On Resolutioning
"for here there is no place that does not see you"
I wrote this during a previous calendar change. It still says what I need to hear, and so does Rilke. Happy New Year!
You must change your life.
These words first came to me from a poem at the end of a year, arriving just in time for the annual ritual I dismissed as pointless. They speak not of gentle self-improvement or casual promises, but of demanded transformation. This demand is still in my head now, as 2026 dawns and millions of us engage in the ritual of resolutions.
I used to be one of those unserious people who scoffed at resolutions, suggesting like so many others that if you really wanted to make a change in your life that you can do it any day you wish.
Then I encountered Rilke’s poem, and these five words rearranged something.
January 1 is an arbitrary choice and just another day like any other. This argument is just as considered as suggesting we try Christmas in April or move the US capital to California. Not everyone who skips resolutions scoffs at the idea. Some people don't think much about them at all. And then there are those super rare high agency people who really don't need them, because they see a needed change and immediately start marching towards it. I think there are very, very few of those people.

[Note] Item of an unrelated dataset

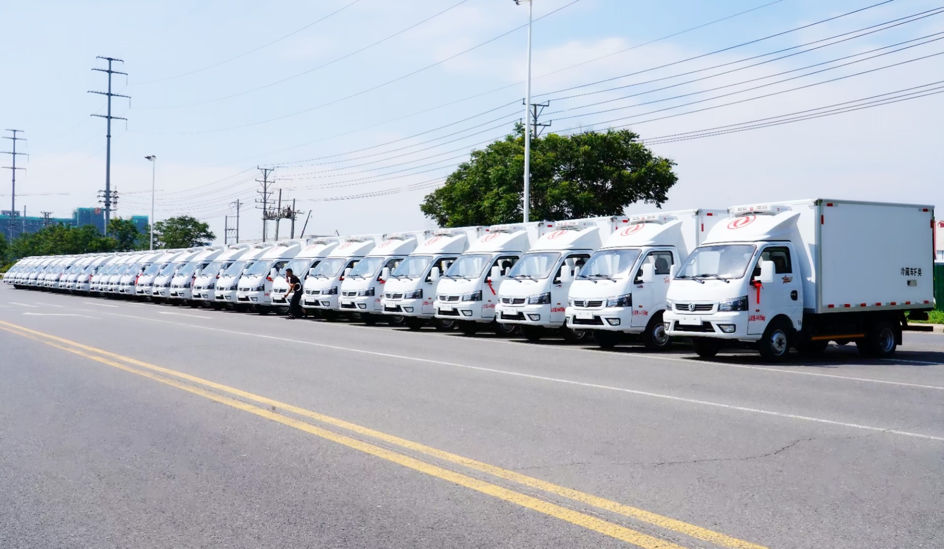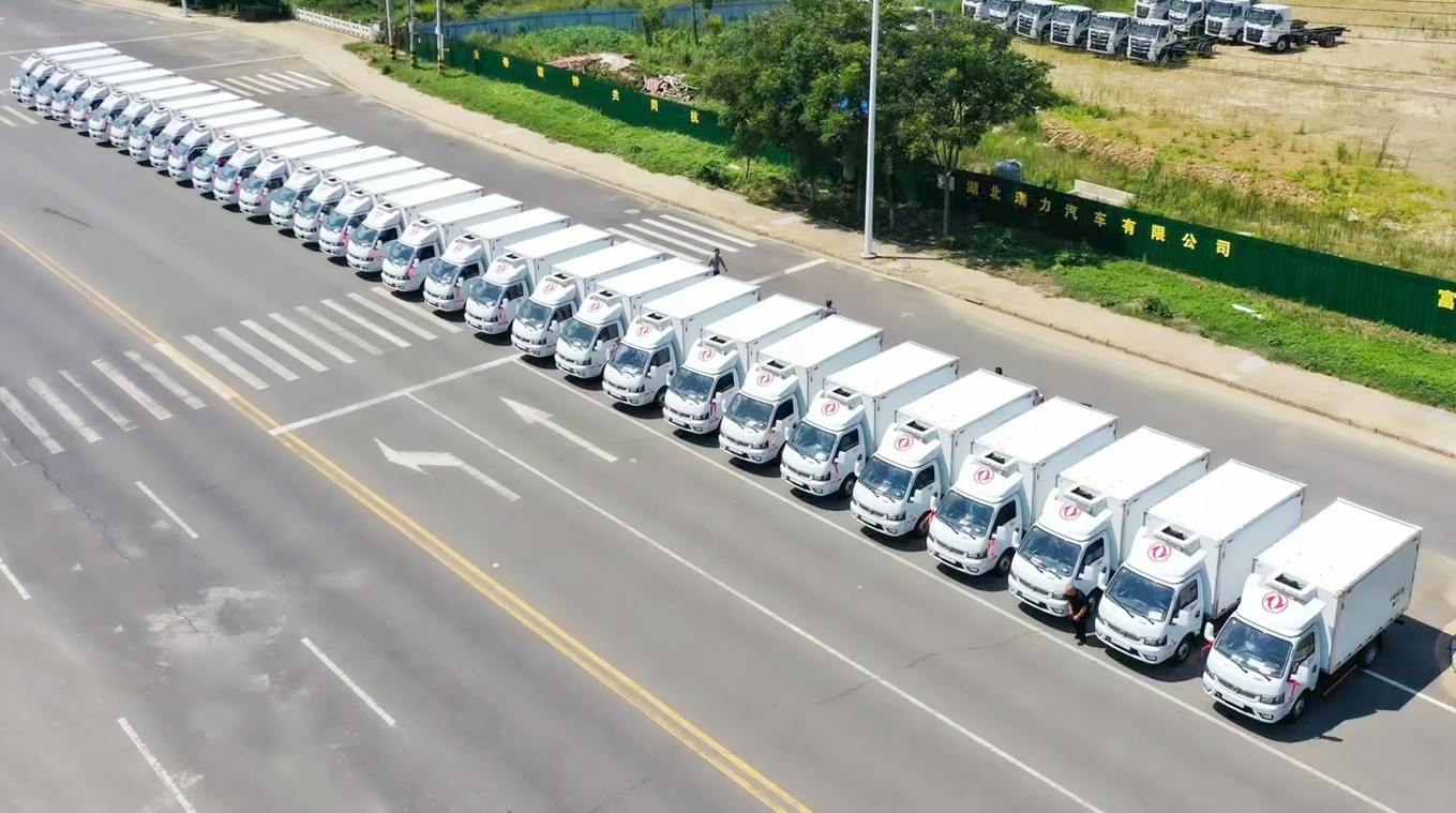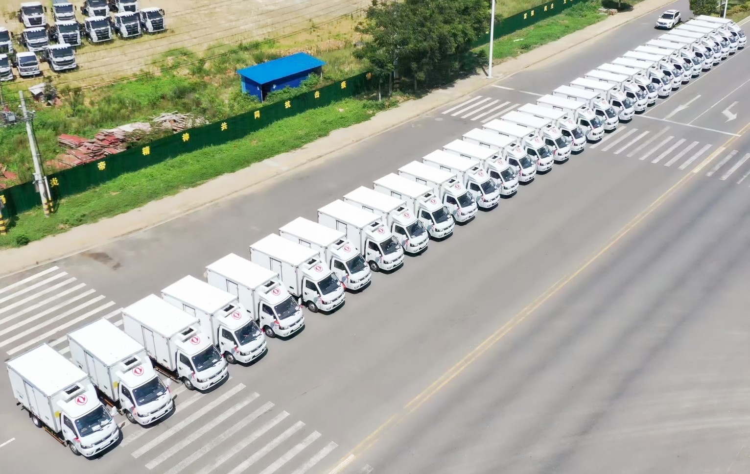 東風途逸國六柴油冷藏車32臺定單完工發(fā)往廣東省

The new year is a time for new beginnings, and some of the power is in the arbitrary commons of the date. We all wait for the ball to drop. We all start training our brains that it really is 2026. We all stop to celebrate. We all start over in some way. And we’re offered the chance to let reality tell us something about ourselves.
Rilke's Archaic Torso of Apollo describes a broken statue, headless and ancient, yet somehow radiating an impossible vitality. I read it over and over and over. What seized me wasn't just Rilke's imagery, but the shocking final line that seems to come from nowhere and everywhere at once:
You must change your life.
What makes this command so powerful, as Douglas Murray beautifully articulates, is that it emanates not from the viewer's mind but from the statue itself. The broken torso of Apollo speaks. And it isn't a gentle nudge — it is beauty reaching out and demanding transformation. The statue blazes with such power that we cannot remain unchanged in its presence.
You must change your life.
In some way, this year was for me an ongoing meditation on this poem. The idea that truth and beauty might have something to say to us—that they are active forces in the world rather than absorbed passively—is antiquated. We remember beauty only occasionally, too busy rushing past enraptured in our own maturity to be enraptured by something else. These ideas are as old and dry as our grandfather’s parchment-thin skin, and like him, we assume they have nothing left to say to us. The prophets of the Greatest Generation—ironically, those most steeped in the terror and despairs of the 20th century—are old or dead. Our culture has only a vague memory of the sway truth and beauty once had.
It’s up to us now.
The great questions from the Greeks to the Enlightenment were asked out of wonder, not necessity. What is the purpose of reality? Of truth and beauty? Of evil? Of suffering? Of ourselves? The universe is the Answer, but it’s an ever-unfolding series of mysteries that we’re only ready to understand when we ask the right questions. Our privilege as humans is that we have agency to help shape both the answers and the ongoing questioning. Reality is begging us to act. Truth and beauty are how she speaks to us.
The critical debate of our time is: do we even acknowledge these questions? Rushing around late to our meetings while staring down at the videos on our pocket-sized screens, are we capable of hearing through our headphones the message the statue of Apollo whispers? Or is our attention too saturated and too divided to even recognize that truth and beauty exist?
The modern human impulse is not an outward motion towards reality, but an inward sweep towards a virtual hologram. We live today in a digital panopticon of our own shared making. Plato’s Cave built with silicon wafers, filled with shadows more alluring than he could have imagined, where desire and acceptance are more important than virtue or goodness.
We need to change. I need to change. This idea of change is not one that divides humans into groups; it’s an idea that divide our hearts. We each have a side that is yearning to listen for the divine whispering in our everyday reality. And we have another side, eager for dopamine, ready to be molded into what the mob demands of us. Each side is an animal ravenous for the activity and attention that will make it grow. Which animal will be fed?
You must change your life.
Listen to what I shall call Him: the Bottomless Abyss, the Insatiable, the Merciless, the Indefatigable, the Unsatisfied. He who never once said to poor unfortunate mankind ‘Enough!’
‘Not enough,’ that is what he screamed at me.
‘I can’t go further,’ whines miserable man.
‘You can!’ the Lord replies.
‘I shall break in two,’ man whines again.